**Aim of the exercise**
Pictures stay out of the output. Return exactly the lines below from the one with "Оглядом встановлено, що" down to the one with "Cashmere lingerie men's", both included, and nothing more.

**Dataset records**
★ ★ ★ ★ ★

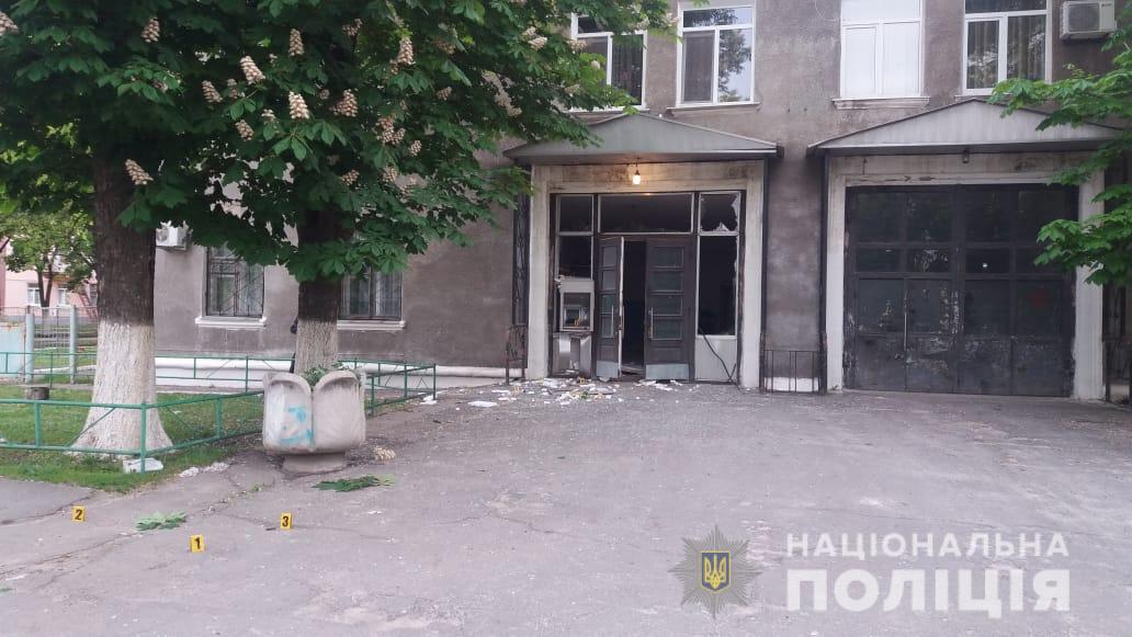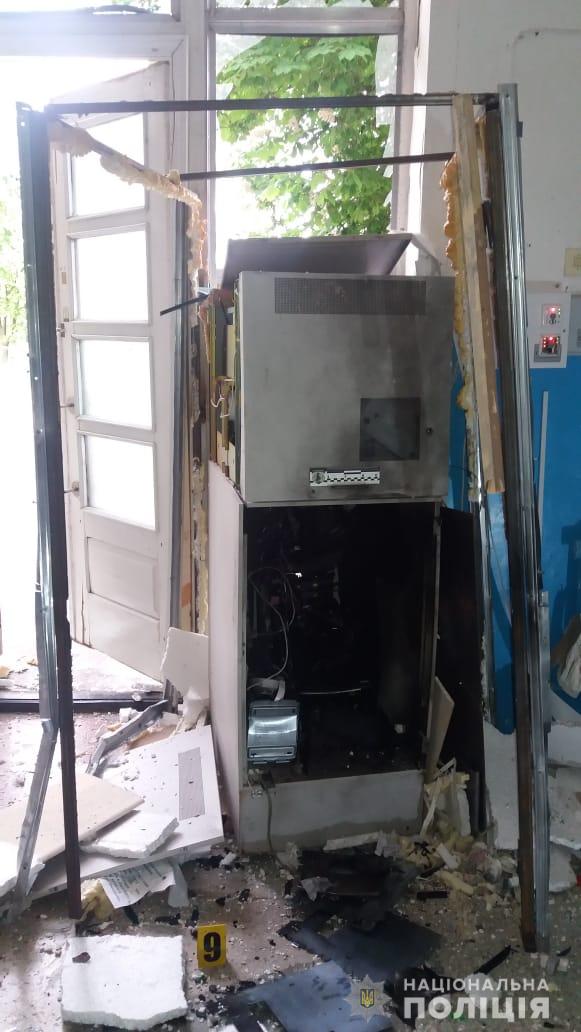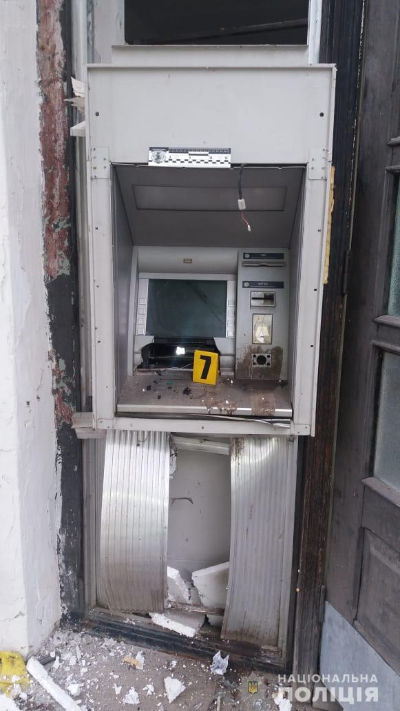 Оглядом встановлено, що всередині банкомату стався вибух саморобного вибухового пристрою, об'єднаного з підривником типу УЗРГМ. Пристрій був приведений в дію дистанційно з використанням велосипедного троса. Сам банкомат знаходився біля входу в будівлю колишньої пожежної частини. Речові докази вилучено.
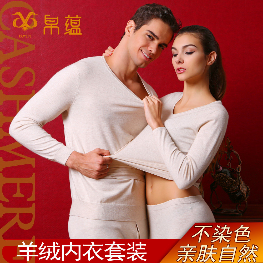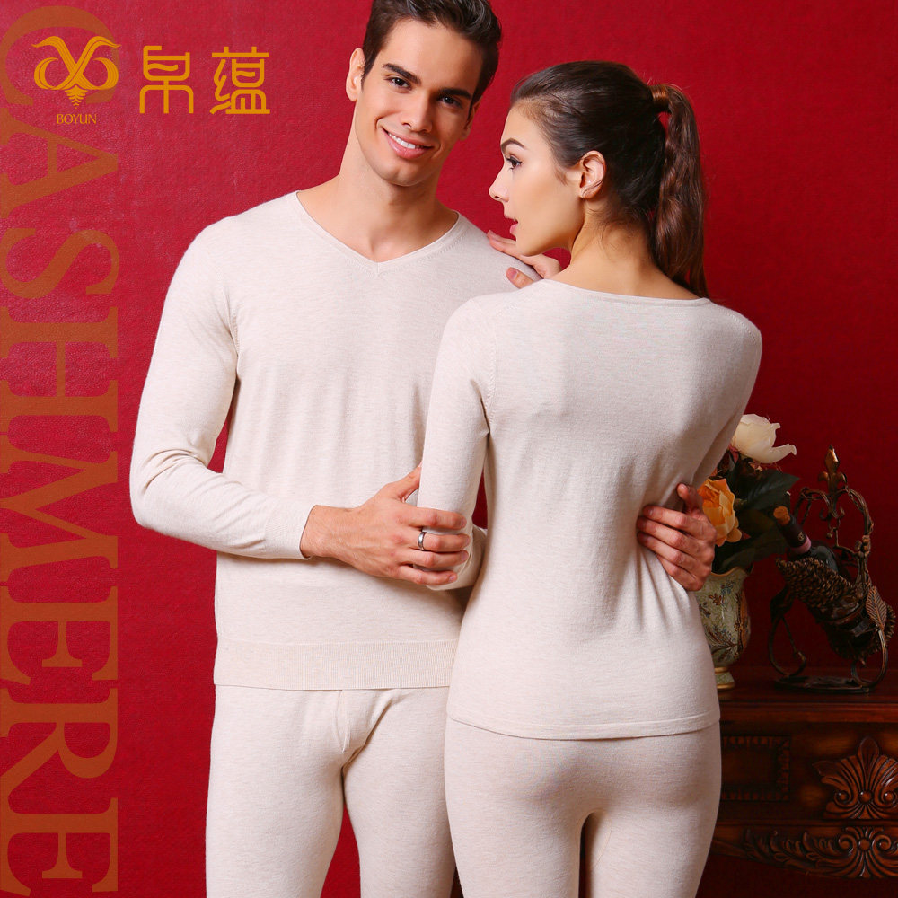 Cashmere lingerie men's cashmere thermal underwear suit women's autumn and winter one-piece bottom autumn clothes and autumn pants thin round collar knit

★ ★ ★ ★ ★

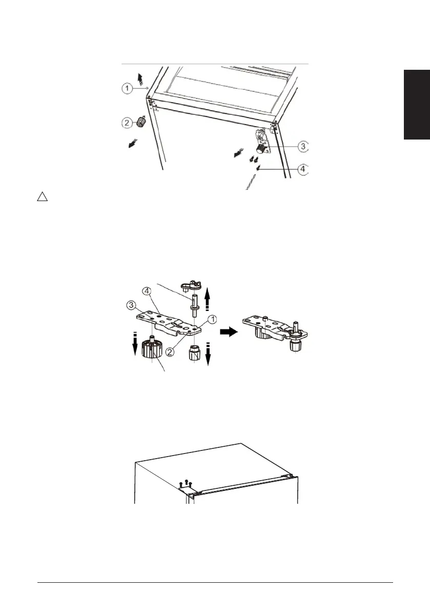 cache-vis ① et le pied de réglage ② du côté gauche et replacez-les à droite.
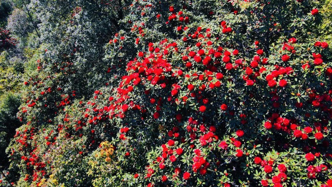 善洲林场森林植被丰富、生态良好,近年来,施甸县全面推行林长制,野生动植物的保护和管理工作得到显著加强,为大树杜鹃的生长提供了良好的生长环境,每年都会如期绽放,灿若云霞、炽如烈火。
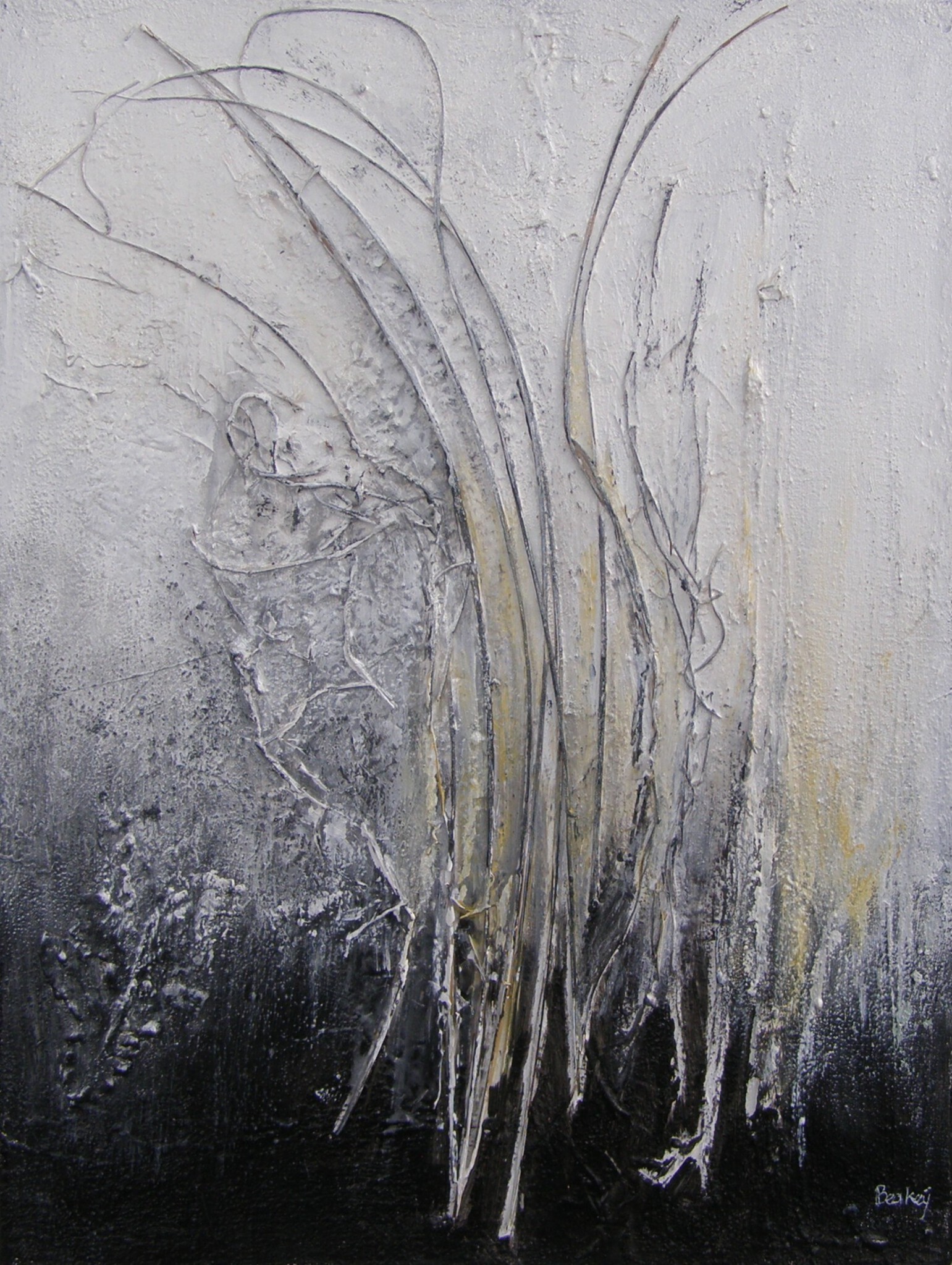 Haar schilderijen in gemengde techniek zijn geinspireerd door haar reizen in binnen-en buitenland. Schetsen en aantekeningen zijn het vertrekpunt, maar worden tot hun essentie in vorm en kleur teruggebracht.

★ ★ ★ ★ ★

**Problem solution**
 Оглядом встановлено, що всередині банкомату стався вибух саморобного вибухового пристрою, об'єднаного з підривником типу УЗРГМ. Пристрій був приведений в дію дистанційно з використанням велосипедного троса. Сам банкомат знаходився біля входу в будівлю колишньої пожежної частини. Речові докази вилучено.
 Cashmere lingerie men's cashmere thermal underwear suit women's autumn and winter one-piece bottom autumn clothes and autumn pants thin round collar knit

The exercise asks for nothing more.